Work item: Could you restate, exactly and with nothing added, the lines from the start of the data through the line that holds "02.10.08 - Nyon", leaving the pictures out?

Provided records:

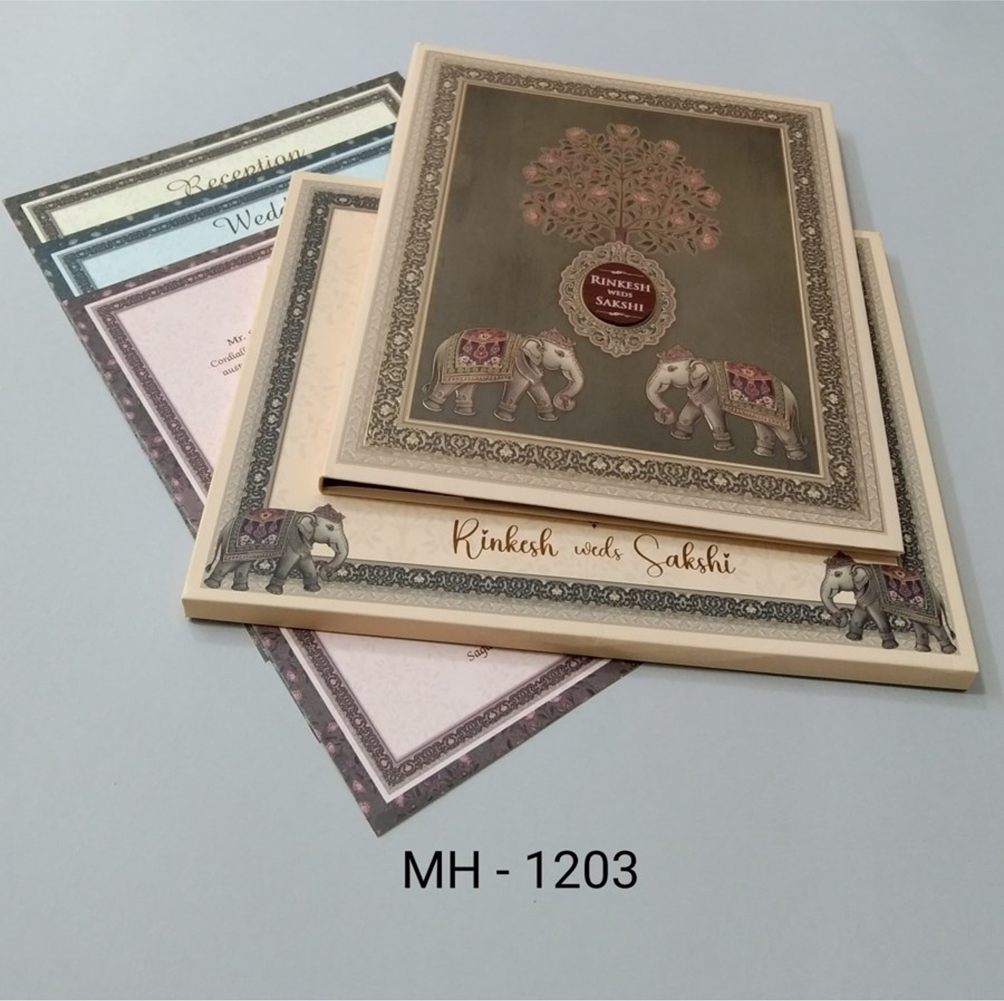 The embossed monograms and gold foil borders. Perfect for royal or evening weddings. A stunning invitation that redefines modern Indian luxury.
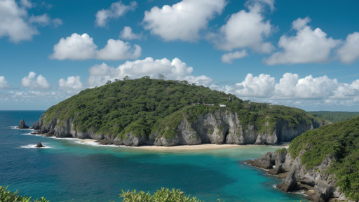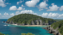 This is an image of a tropical beach island surrounded by vibrant blue waters. The island appears to be uninhabited, with no people visible in the picture. It's a clear day with some clouds scattered across the sky, and the vegetation on the island suggests it might be part of a rainforest ecosystem.
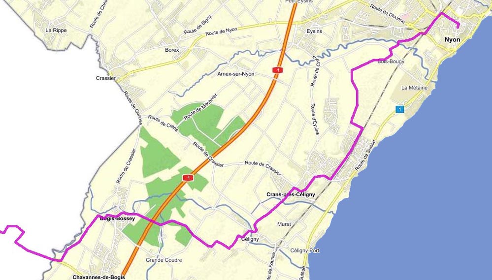 02.10.08 - Nyon Nyon - Bois Bougy 411m - Crans p.Céligny 425m 0.50h - Céligny 431m 0.20h - Château de Bossey - Bogis-Bossey 468m 0.55h - Chavannes de Bogis Douane 466m 0.20h - Divonne Lac - Divonne 475m 0.35h - Stadtrundgang 0.30 h - ca. 15 km, Wanderzeit: 3.30 h |
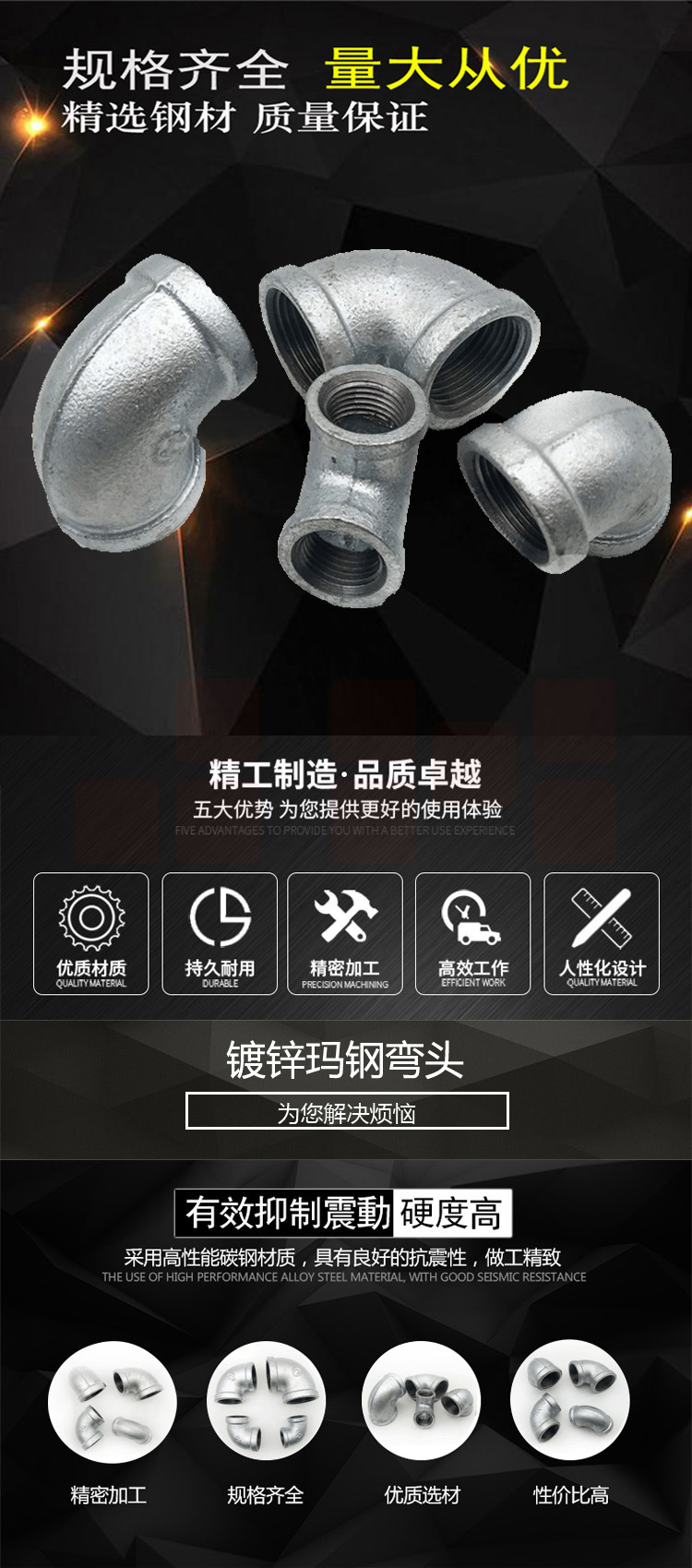 赣玛 (GANMA)正品加厚镀锌内丝弯头 螺纹弯头自来水管接50*20 60个/包
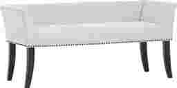 Elevate your space with the Wolfdew white accent bench. Compact yet elegant, this versatile bench features a low back and flared arms, highlighted with sleek nail head trim for a touch of sophistication. Designed for both style and comfort, this bench offers supportive seating, making it perfect for end-of-bed placement or a welcoming addition to entryways, hallways, living room, bedroom and more. Bring home this timeless piece and transform any room with ease. Customer assembly is required.
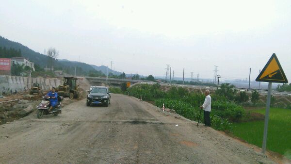 第一张就是,左边工程车辆还在加紧弄,右边是临时铺设的路面,前面的桥就是铁路桥呀,国道改道走桥下
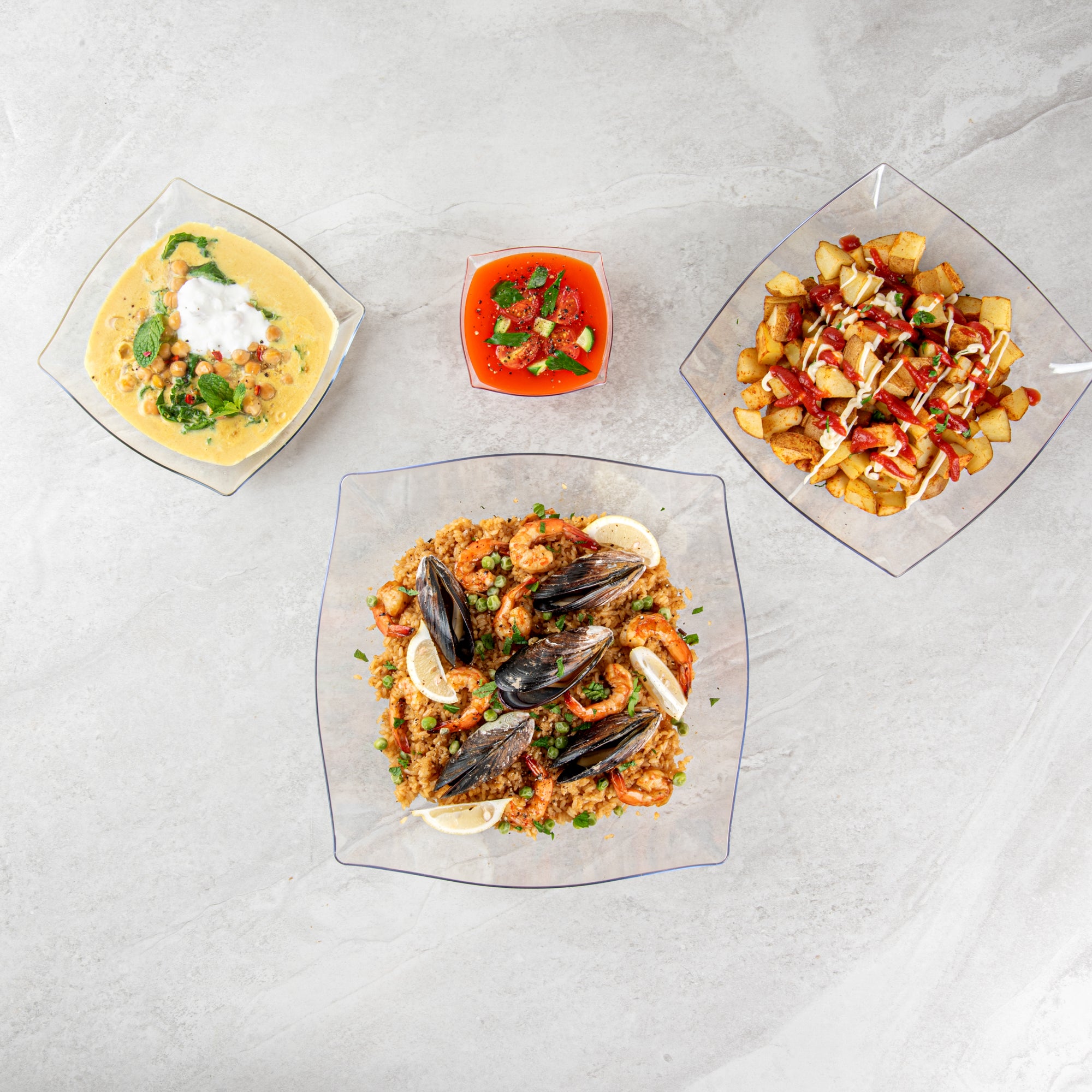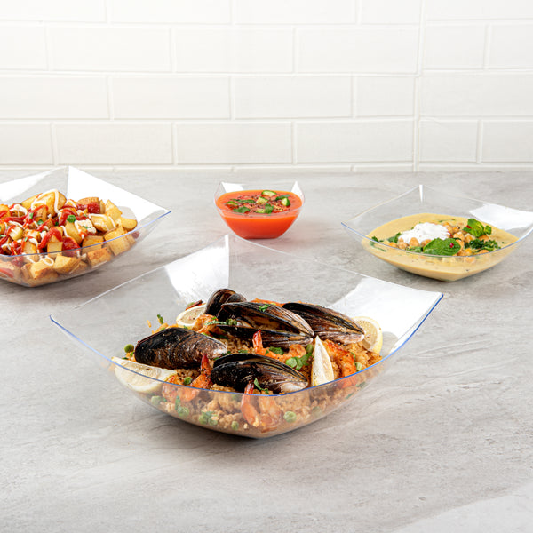 Experience elegance in dinnerware with our Moderna 128-ounce Square Black Plastic Serving Bowls. These durable polystyrene bowls effortlessly handle hefty portions. Suitable for a wide range of warm and cold foods up to 150F, these serving bowls are perfect for serving poke or smoothie bowls. With a greaseproof design, these clear plastic bowls prevent oil leakage. Disposable for easy cleanup, these dinner bowls promote sustainability as recyclable options. Enhancing the food presentation with their sleek black finish, these recyclable plastic bowls add sophistication to your enticing dishes. Measuring 12 inches in length by 12 inches in width by 4 inches in height, each square bowl has a capacity of 128 ounces. Shipped in a 10 count box.

Task response:
 The embossed monograms and gold foil borders. Perfect for royal or evening weddings. A stunning invitation that redefines modern Indian luxury.
 This is an image of a tropical beach island surrounded by vibrant blue waters. The island appears to be uninhabited, with no people visible in the picture. It's a clear day with some clouds scattered across the sky, and the vegetation on the island suggests it might be part of a rainforest ecosystem.
 02.10.08 - Nyon Nyon - Bois Bougy 411m - Crans p.Céligny 425m 0.50h - Céligny 431m 0.20h - Château de Bossey - Bogis-Bossey 468m 0.55h - Chavannes de Bogis Douane 466m 0.20h - Divonne Lac - Divonne 475m 0.35h - Stadtrundgang 0.30 h - ca. 15 km, Wanderzeit: 3.30 h |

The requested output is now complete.